Raw data
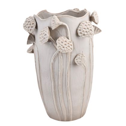 Vaas Lotus is gemaakt van steen in de kleur wit.
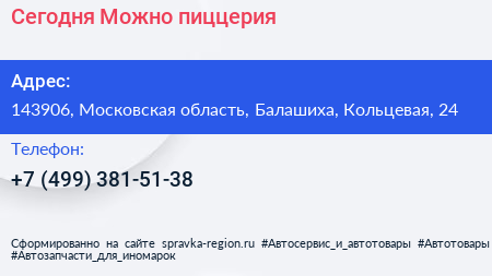 Сегодня Можно, пиццерия по адресу 143906, Московская область, Балашиха, Кольцевая, 24 в дальнейшем Организация, размещена в следующих категориях:
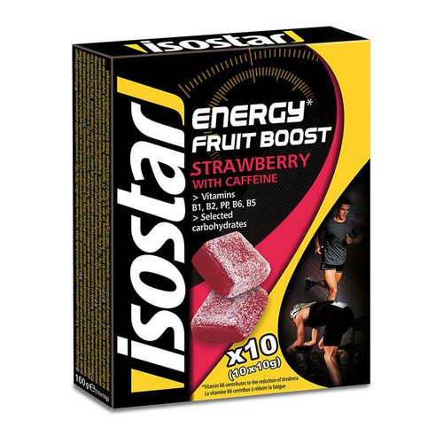 Was ist Isostar Fruit Boost? Isostar Fruit Boost ist ein energiesteigenderes Produkt in der Geschmacksrichtung Erdbeere, das sorgf?ltig ausgew?hlte Kohlenhydrate aus Fr?chten und verschiedenen Zuckerarten enth?lt. Diese werden schnell in Energie umgewandelt und bieten eine ideale Energiequelle vor und w?hrend anstrengender Aktivit?ten. Die fruchtigen Gummis mit Erdbeergeschmack sind besonders leicht zu kauen und einzeln in Folie verpackt, was sie praktisch f?r unterwegs macht. Die nat?rliche F?rbung wird durch das enthaltene Erdbeerp?ree und -saft erzielt, w?hrend die zugesetzten B-Vitamine den Stoffwechsel unterst?tzen. Zus?tzlich kann das enthaltene Koffein kurzfristig die Leistung steigern. Die wichtigsten Fakten im ?berblick Energiegums in Erdbeergeschmack Schnelle Energiequelle aus ausgew?hlten Kohlenhydraten Zus?tzliche Unterst?tzung des Stoffwechsels durch B-Vitamine Einzeln verpackt und leicht zu ?ffnen: perfekt f?r unterwegs F?r wen sind die Fruit Boost Gelees empfehlenswert? Isostar Fruit Boost ist ideal f?r alle, die vor oder w?hrend k?rperlicher Anstrengung eine schnelle Energiequelle ben?tigen. Sportler, Wanderer, L?ufer und aktive Menschen aller Art k?nnen von diesem praktischen und schmackhaften Produkt profitieren.
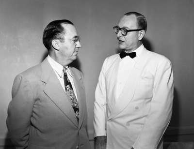 J. Bob Roberts, left, president of the Fort Worth Export-Import Club, is shown talking with Michael M. Mora of New Orleans at a dinner held by the club in observation of World Trade Week. Published in the morning edition, May 23m 1951.
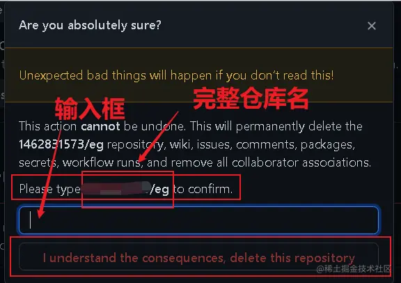 3 选中 Delete this repository 后,进入下个界面,在输入框中输入仓库的完整名称(此处输入具体仓库名称:xxxxxx/eg)然后点击最下面按钮 I understand the consequences,delete this repository : *(提醒一下,我就踩过这个坑:写具体仓库名称时,请注意是否有多余空格,如果有多余空格,请删除,否则无法点击最下面的按钮 I understand the consequences,delete this repository )
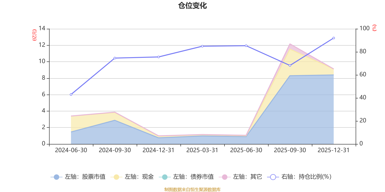 据定期报告数据统计,成立以来平均股票仓位为74.79%,同类平均为86.9%。2025年末基金达到92%的最高仓位,2024年上半年末最低,为42.96%。
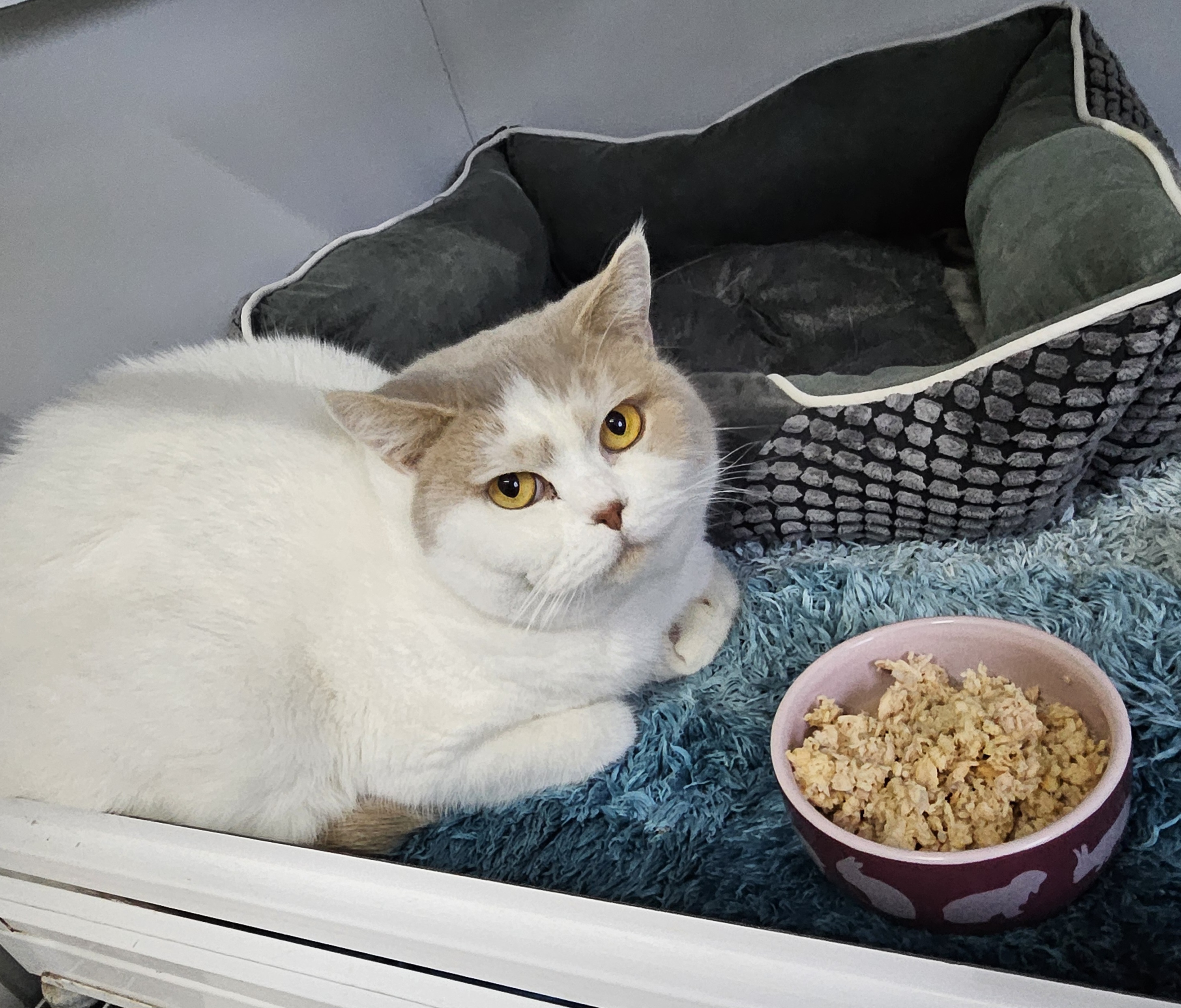 Quinn ist kein „Bonus“, kein Prestigeobjekt, kein hübsches Accessoire wegen seiner Rasse. Er ist ein fühlendes Wesen, das Nähe braucht, Beständigkeit und vor allem wieder eine Partnerkatze an seiner Seite. Er kennt das Leben nicht allein, er möchte es auch nicht lernen müssen. Einsamkeit steht ihm nicht gut, sie macht ihn still.

What is expected
Without including any pictures, set down word for word every line from the one containing "据定期报告数据统计,成立以来" through the last line of the material.

Answer to this exercise
 据定期报告数据统计,成立以来平均股票仓位为74.79%,同类平均为86.9%。2025年末基金达到92%的最高仓位,2024年上半年末最低,为42.96%。
 Quinn ist kein „Bonus“, kein Prestigeobjekt, kein hübsches Accessoire wegen seiner Rasse. Er ist ein fühlendes Wesen, das Nähe braucht, Beständigkeit und vor allem wieder eine Partnerkatze an seiner Seite. Er kennt das Leben nicht allein, er möchte es auch nicht lernen müssen. Einsamkeit steht ihm nicht gut, sie macht ihn still.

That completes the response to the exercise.